A majority of my customers are looking to deploy the Jazz CLM solution into virtual environments.  This is not a bad approach, and I honestly really like this approach.  Some organizations do not understand the value that virtualization has for a Jazz deployment.  The values that virtualization will bring to a Jazz solution are:

  • The ability to have “predefined” Jazz application instances, ready for some final configuration prior to deployment.  This means easier and lower risk scalability as demand for the Jazz capabilities grow within an organization
  • The ability to modify the amount of resources used by existing Jazz application instances.  If you discover that you have over allocated or under allocated resources, you can easily modify this.

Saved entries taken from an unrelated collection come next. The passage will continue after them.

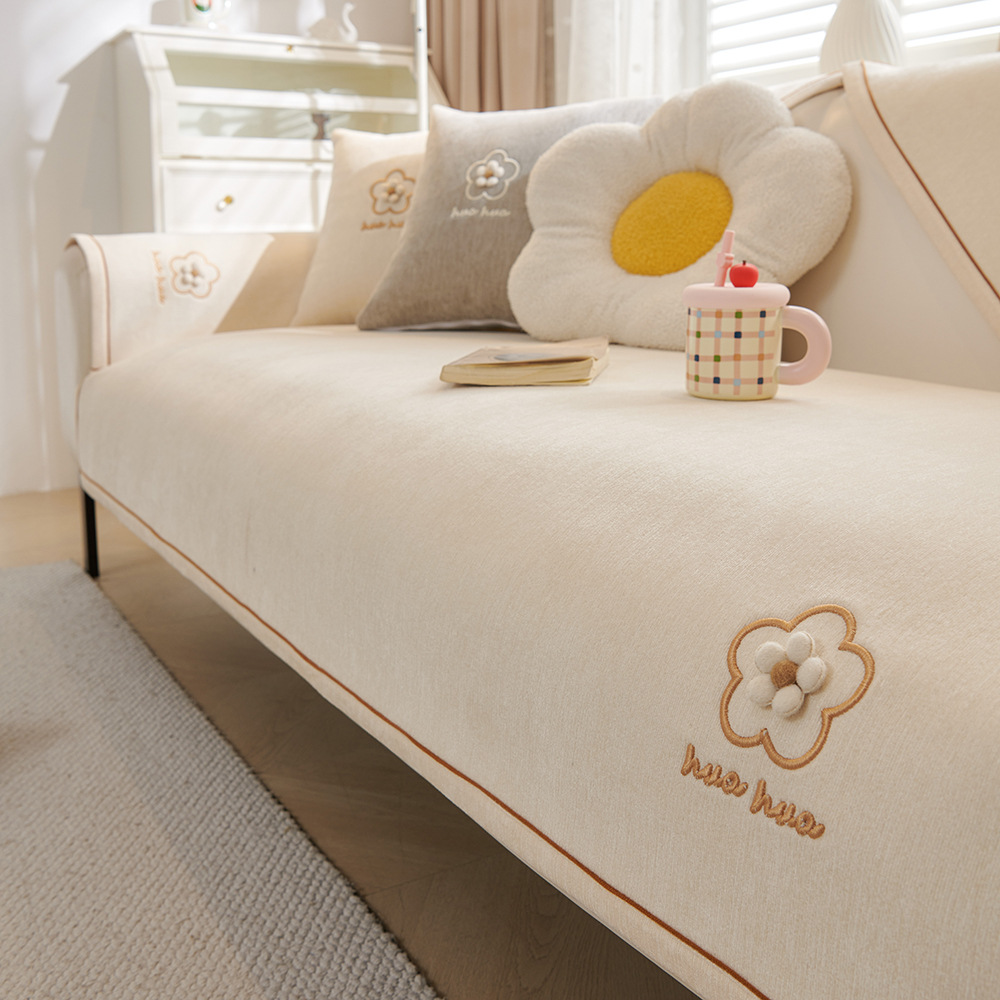 花刺繍シェニールソファクッションオールシーズン 2025 新しいソファクッション固定滑り止めカバー布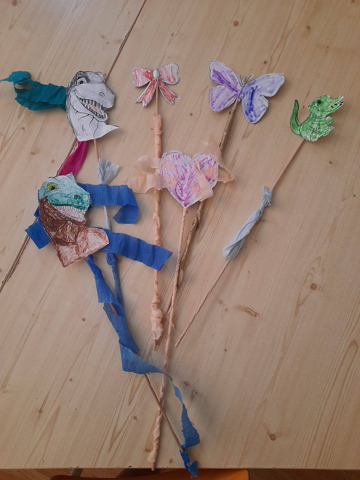 A varázspálcák mindenkinek egyedileg készültek el, ugyanis mindenkitől megkérdeztem , hogy mit szeretnének a varázspálca végére. Volt dínó, traktor, csillag, pillangó, krokodil. Saját elképzelés alapján díszíthették fel a varázspálcákat. Aztán jöhetett a játék. Varázsigék használatával milyen jó dolgokat tennél? Mit varázsolnál magadnak? Mit varázsolnál másoknak?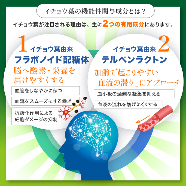 本品にはイチョウ葉由来フラボノイド配糖体及びイチョウ葉由来テルペンラクトンが含まれます。イチョウ葉由来フラボノイド配糖体及びイチョウ葉由来テルペンラクトンは、健常な中高年者の加齢によって低下する脳の血流や活動性を改善し、認知機能の一部である記憶力(日常生活で見聞きした情報を覚え、思い出す力)の精度や判断力(判断の正確さ)を向上させることが報告されています。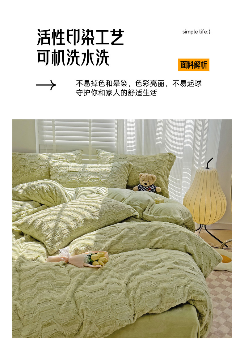商品名称:N先生 2024秋冬新款9斤重兔毛绒四件套-婉清系列 婉清-绿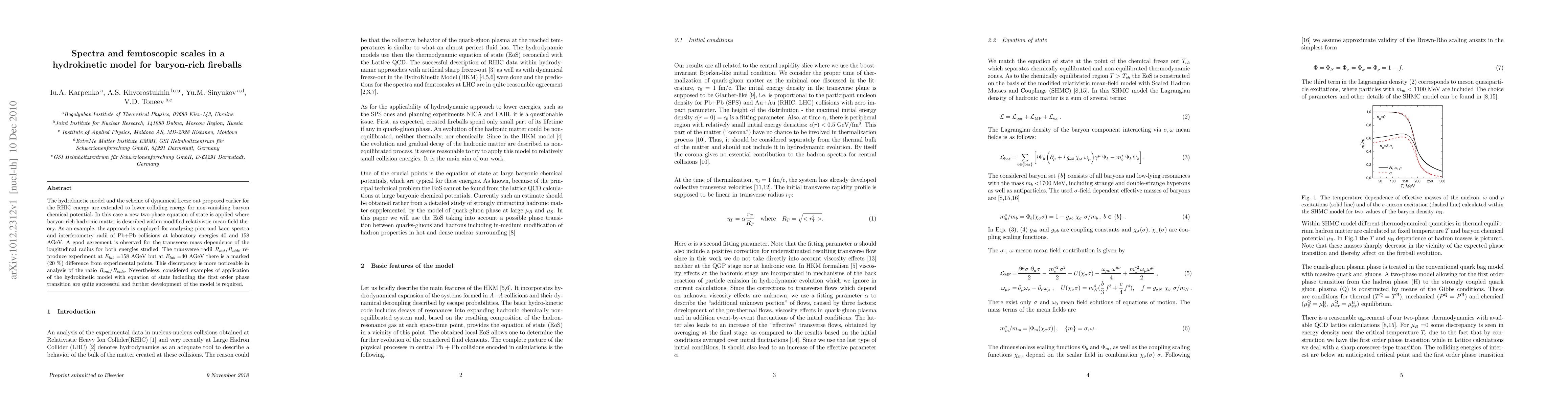 This paper extends a hydrokinetic model to lower collision energies with non-zero baryon chemical potential, applying a new two-phase equation of state. It analyzes pion and kaon spectra and interferometry radii from Pb+Pb collisions, showing good agreement for most results but a notable discrepancy at lower energies.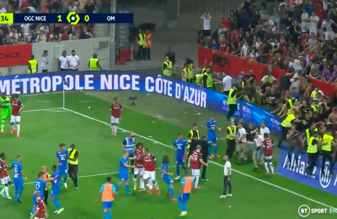 Chaos erupted at a ligue 1 soccer game in france between nice and marseille after fans jumped over the barrier and engaged in a scary brawl with players and stadium security. Sunday's contest was suspended and then abandoned after. The ligue one match between nice and marseille was abandoned on sunday after some supporters invaded the pitch at the allianz riviera in france. Nice and olympique de marseille have been summoned to a disciplinary hearing on wednesday after their ligue 1 match on sunday had to be abandoned due to crowd trouble, said the french professional league (lfp). Nice and marseille have been summoned to a disciplinary hearing on wednesday after their ligue 1 match on sunday had to be abandoned due to crowd trouble, the french professional league (lfp) said.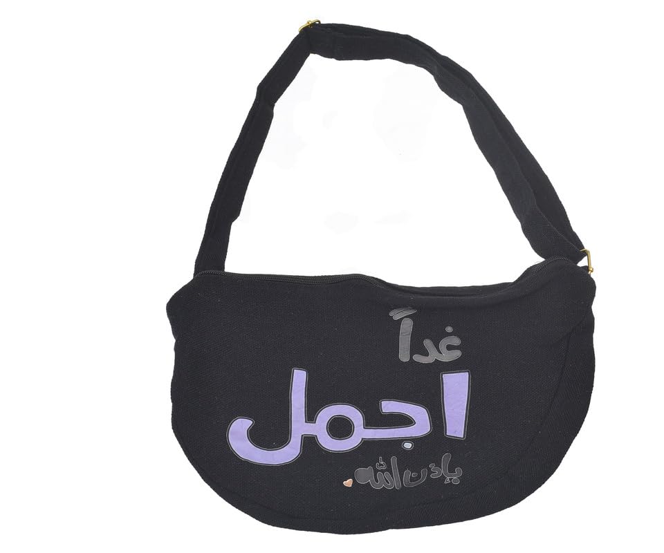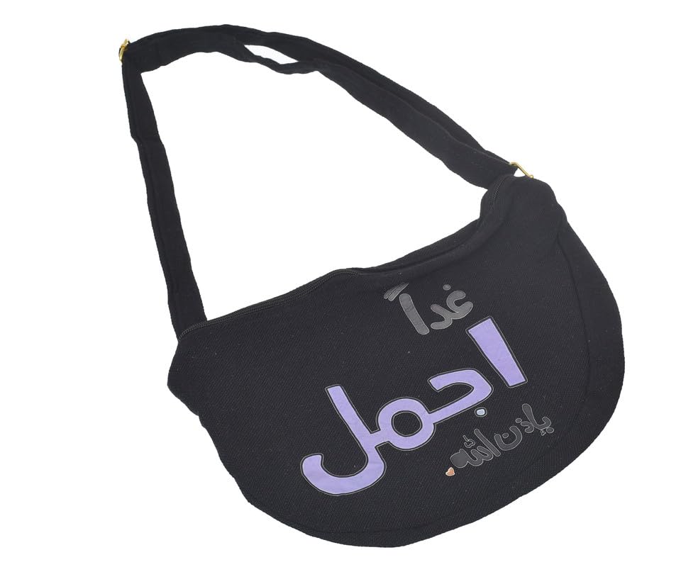 OX - OX W-37 Comic Phrases Fabric Fashion Printed Waist Bag with Zipper for Women, Black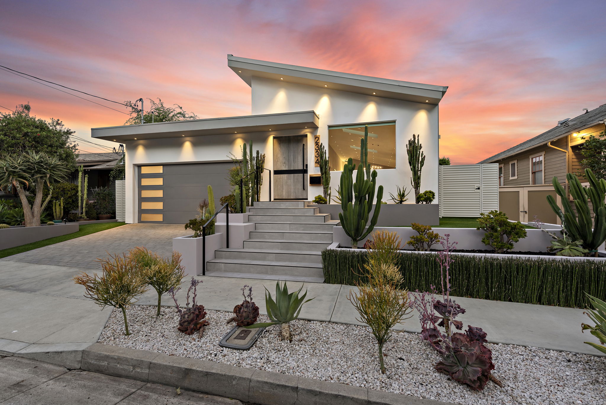 Stunning modern hilltop residence in the North Echo Park Neighborhood of Elysian Heights with panoramic views and city lights.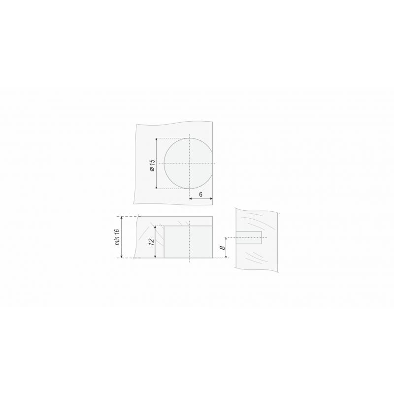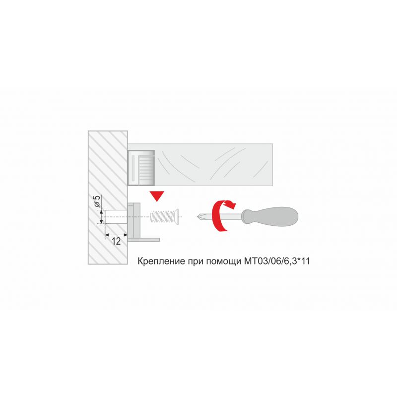 Для монтажа полки необходимо в плитном материале подготовить отверстие 15х12 мм, установить пластиковый корпус полкодержателя, прикрепить металлический фланец к боковой стенке мебели на саморез или евровинт MT03/06/6,3*11Cr/0 и надеть полку на фланцы.

Myth #1 – Virtualization does not provide magic elves that allow your single CPU desktop host applications that would normally be done by 3 enterprise server machines.  Computing depends on basic physics at it’s core, and those electrons can’t move any faster…..

Many IT departments look at virtualization as a way to harvest more CPU cycles, and so they cram applications into a virtual appliance and end up having an “oversubscribed” virtual environment.  This works for applications that are used sporadically, and those applications that are not business critical.  This does NOT work for an application like the Jazz applications, which usually end up servicing a highly variable (but constant) workload throughout the day, and which are considered business critical.

So how does virtualization benefit someone deploying the Jazz solution?  It allows architects and administrators to quickly define and deploy application servers with a common footprint.  This allows a team to monitor their Jazz solution over time, and gain an understanding of how your specific organization utilizes the infrastructure.  By monitoring these “common” components, it is easy for administrators to quickly determine performance bottlenecks, and identify when additional Jazz application instances are needed.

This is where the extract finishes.